The fifteenth and sixteenth specifications of error offend against Rule 15, in that they each embrace more than one point, and specify the failure of the court to find in accordance with two distinct requests for findings of fact upon the part of the defendants, and said specifications are not to be considered.

The court having found the facts against the plaintiffs, it would have been error to grant the prayer of the bill, and the nineteenth specification of error is overruled.

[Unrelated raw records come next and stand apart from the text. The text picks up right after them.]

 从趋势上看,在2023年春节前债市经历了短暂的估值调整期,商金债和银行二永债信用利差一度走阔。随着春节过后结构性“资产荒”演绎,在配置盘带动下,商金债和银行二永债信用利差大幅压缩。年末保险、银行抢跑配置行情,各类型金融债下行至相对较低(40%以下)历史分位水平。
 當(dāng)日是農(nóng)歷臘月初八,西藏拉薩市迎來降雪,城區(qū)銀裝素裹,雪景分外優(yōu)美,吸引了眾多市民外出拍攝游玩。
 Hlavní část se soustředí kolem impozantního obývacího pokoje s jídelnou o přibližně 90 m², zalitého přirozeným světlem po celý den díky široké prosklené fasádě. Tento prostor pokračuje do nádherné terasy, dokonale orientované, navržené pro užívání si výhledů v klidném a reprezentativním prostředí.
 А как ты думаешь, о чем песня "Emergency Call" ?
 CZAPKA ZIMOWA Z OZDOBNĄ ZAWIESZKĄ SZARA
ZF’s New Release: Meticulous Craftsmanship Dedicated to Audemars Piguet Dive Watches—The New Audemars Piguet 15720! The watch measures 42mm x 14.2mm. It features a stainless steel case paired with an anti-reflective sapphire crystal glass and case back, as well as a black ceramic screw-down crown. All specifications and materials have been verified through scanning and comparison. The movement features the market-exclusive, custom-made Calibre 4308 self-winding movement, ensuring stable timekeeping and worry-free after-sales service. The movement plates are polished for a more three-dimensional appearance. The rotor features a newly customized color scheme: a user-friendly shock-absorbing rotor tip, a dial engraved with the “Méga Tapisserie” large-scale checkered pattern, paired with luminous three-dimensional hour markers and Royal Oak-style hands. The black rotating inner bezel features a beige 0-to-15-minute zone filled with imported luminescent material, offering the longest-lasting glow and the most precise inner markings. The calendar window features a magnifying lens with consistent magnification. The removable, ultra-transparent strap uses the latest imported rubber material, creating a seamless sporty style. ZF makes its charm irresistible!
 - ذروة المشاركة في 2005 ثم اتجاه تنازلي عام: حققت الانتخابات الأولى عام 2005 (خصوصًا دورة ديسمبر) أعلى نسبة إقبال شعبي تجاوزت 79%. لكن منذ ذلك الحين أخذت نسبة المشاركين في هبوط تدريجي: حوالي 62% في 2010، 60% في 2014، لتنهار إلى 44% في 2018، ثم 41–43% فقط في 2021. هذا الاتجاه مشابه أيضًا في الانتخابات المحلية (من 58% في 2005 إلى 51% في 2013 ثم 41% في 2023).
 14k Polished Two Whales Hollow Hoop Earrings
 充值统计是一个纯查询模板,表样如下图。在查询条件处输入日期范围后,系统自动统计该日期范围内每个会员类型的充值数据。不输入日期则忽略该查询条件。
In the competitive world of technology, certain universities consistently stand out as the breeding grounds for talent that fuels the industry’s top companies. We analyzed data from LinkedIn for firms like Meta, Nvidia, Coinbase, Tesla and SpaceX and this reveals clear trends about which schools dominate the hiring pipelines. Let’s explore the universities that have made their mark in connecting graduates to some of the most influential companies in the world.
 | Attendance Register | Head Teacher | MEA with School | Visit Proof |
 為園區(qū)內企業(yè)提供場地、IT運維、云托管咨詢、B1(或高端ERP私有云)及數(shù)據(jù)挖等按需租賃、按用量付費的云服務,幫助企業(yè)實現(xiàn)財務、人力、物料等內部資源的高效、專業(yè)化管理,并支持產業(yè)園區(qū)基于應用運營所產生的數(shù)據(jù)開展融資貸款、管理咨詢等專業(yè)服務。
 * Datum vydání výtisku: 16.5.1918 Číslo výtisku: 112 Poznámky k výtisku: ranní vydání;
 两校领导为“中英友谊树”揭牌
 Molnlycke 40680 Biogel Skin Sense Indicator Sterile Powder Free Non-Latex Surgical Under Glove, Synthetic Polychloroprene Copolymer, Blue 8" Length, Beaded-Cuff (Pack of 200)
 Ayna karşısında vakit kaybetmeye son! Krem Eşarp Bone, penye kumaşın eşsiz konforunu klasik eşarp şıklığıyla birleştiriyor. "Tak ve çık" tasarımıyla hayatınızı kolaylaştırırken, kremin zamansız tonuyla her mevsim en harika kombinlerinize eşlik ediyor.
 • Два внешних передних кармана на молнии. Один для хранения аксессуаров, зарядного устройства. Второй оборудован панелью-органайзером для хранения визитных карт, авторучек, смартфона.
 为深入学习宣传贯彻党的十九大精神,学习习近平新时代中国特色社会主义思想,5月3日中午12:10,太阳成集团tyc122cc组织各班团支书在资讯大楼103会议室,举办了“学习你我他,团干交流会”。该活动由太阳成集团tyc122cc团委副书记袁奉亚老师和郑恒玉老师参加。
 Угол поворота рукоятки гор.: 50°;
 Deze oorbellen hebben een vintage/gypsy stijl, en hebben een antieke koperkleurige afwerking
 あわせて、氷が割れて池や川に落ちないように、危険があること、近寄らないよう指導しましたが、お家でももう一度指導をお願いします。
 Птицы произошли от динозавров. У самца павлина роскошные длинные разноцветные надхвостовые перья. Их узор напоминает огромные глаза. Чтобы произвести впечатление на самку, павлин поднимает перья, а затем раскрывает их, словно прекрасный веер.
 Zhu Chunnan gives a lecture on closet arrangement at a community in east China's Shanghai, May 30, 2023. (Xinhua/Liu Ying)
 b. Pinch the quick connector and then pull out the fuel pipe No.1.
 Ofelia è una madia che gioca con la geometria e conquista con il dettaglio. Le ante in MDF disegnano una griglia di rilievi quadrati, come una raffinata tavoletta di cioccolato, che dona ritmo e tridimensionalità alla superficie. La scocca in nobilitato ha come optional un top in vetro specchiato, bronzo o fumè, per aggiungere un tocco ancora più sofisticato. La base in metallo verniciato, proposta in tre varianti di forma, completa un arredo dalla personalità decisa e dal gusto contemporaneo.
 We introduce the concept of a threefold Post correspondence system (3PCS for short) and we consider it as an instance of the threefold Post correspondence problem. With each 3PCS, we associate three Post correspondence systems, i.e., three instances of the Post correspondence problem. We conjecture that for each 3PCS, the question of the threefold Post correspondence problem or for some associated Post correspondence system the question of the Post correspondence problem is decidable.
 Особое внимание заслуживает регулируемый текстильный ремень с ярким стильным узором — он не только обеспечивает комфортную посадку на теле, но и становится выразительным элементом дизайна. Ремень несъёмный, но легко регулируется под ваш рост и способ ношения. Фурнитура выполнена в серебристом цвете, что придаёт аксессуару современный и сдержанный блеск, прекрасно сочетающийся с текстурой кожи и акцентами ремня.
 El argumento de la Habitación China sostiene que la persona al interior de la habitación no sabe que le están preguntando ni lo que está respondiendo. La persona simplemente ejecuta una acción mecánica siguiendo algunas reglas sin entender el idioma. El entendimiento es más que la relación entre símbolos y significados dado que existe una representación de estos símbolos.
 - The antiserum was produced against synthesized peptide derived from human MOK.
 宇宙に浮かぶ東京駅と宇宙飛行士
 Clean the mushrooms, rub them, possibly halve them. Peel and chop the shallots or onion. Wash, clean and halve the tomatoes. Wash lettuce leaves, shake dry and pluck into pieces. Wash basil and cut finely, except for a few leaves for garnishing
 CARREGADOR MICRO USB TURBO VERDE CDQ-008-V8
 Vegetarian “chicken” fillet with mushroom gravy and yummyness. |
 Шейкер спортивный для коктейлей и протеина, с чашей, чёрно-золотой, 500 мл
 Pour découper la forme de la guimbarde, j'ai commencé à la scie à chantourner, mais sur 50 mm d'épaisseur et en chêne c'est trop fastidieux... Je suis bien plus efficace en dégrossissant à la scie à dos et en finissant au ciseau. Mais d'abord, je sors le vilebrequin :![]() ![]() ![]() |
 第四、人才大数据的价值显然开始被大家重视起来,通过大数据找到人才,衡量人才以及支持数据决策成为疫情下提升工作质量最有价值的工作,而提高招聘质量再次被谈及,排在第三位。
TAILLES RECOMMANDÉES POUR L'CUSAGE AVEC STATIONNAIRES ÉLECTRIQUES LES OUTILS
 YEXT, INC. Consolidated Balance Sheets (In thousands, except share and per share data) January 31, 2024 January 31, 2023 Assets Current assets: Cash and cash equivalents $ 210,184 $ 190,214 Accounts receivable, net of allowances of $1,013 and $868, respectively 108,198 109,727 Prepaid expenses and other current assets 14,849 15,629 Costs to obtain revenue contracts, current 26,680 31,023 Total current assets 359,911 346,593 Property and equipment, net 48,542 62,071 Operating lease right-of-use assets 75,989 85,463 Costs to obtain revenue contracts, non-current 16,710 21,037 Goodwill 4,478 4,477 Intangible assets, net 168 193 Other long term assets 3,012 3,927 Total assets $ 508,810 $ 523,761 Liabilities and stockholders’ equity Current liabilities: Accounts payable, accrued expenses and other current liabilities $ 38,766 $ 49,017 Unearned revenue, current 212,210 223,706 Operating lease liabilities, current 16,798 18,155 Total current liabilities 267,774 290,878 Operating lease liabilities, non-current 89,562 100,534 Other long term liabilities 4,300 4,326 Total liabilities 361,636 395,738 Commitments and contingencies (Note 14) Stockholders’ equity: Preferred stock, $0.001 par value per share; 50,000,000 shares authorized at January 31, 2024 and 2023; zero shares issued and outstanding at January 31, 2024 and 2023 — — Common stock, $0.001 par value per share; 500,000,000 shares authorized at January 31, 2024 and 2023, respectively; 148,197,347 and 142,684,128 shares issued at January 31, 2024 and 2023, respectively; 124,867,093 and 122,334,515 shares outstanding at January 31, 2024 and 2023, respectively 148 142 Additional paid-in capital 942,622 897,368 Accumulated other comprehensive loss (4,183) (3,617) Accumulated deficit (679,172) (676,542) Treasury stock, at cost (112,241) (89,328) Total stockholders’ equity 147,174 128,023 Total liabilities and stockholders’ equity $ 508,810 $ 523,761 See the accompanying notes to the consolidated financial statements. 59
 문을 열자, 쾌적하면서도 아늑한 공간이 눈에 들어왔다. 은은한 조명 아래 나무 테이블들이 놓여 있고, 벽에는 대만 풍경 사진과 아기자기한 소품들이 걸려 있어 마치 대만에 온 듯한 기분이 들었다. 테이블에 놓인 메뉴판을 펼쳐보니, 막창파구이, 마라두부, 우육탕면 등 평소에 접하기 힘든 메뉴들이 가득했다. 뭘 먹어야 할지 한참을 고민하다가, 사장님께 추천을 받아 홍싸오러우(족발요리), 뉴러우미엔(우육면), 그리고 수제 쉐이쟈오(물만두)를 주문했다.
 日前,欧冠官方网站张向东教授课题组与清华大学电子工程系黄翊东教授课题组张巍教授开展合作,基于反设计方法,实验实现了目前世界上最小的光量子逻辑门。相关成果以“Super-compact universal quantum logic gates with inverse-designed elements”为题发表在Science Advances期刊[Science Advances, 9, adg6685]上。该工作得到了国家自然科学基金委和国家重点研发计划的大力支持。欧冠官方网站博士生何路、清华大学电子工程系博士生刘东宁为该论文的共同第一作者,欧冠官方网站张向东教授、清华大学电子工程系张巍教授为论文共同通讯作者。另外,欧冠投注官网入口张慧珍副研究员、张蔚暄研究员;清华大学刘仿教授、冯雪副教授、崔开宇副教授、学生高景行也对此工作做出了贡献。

The twenty-first specification of error relates to the imposition of costs upon the defendants, and it is not without merit. Under the evidence produced and impliedly from the findings of facts by the court, it appears that the defendants had been polluting the stream in question by the discharge of refuse matter from their slaughter house. In October, 1897, they had been notified of this fact by the plaintiffs, and had promised to abate the nuisance. They then made some temporary arrangement which they assured plaintiffs would remedy the evil, but it utterly failed to do so. In February, 1898, in response to further notice, the defendants altered the drain by putting in a trap, or device, by which the drainage from the slaughter house could be cut off from the stream, which they then claimed would be sufficient to protect the stream from pollution, but again the device failed of its purpose and the drainage from the slaughter house was permitted to escape into the stream. On the 24th of March, 1898, this bill was filed and the defendants in the eighth paragraph of their answer, practically admit that they had continued to pollute the stream down to March 15, 1898, and the evidence clearly establishes that fact. The court has found that since the 16th of March, 1898, the defendants have not permitted the stream to be polluted, and the evidence shows that on the 15th of March, 1898, such a change was made in the arrangement of the slaughter house as to entirely cut off its drainage from the stream. It thus ap*405pears that the plaintiffs had been suffering from the pollution of the stream and had, from time to time, received the promise of the defendants to remedy the evil, but those promises had not been fulfilled. At the time the bill was filed the plaintiffs had no reason to believe that the promises then made by the defendants were more to be relied upon than those which had preceded them, and there was, therefore, reasonable grounds for beginning this proceeding. We are of opinion that the plaintiffs should not be called upon to pay the costs.

Decree affirmed except as to the payment of costs; and it is now ordered, adjudged and decreed that the costs in the court below and upon this appeal be paid by the defendants.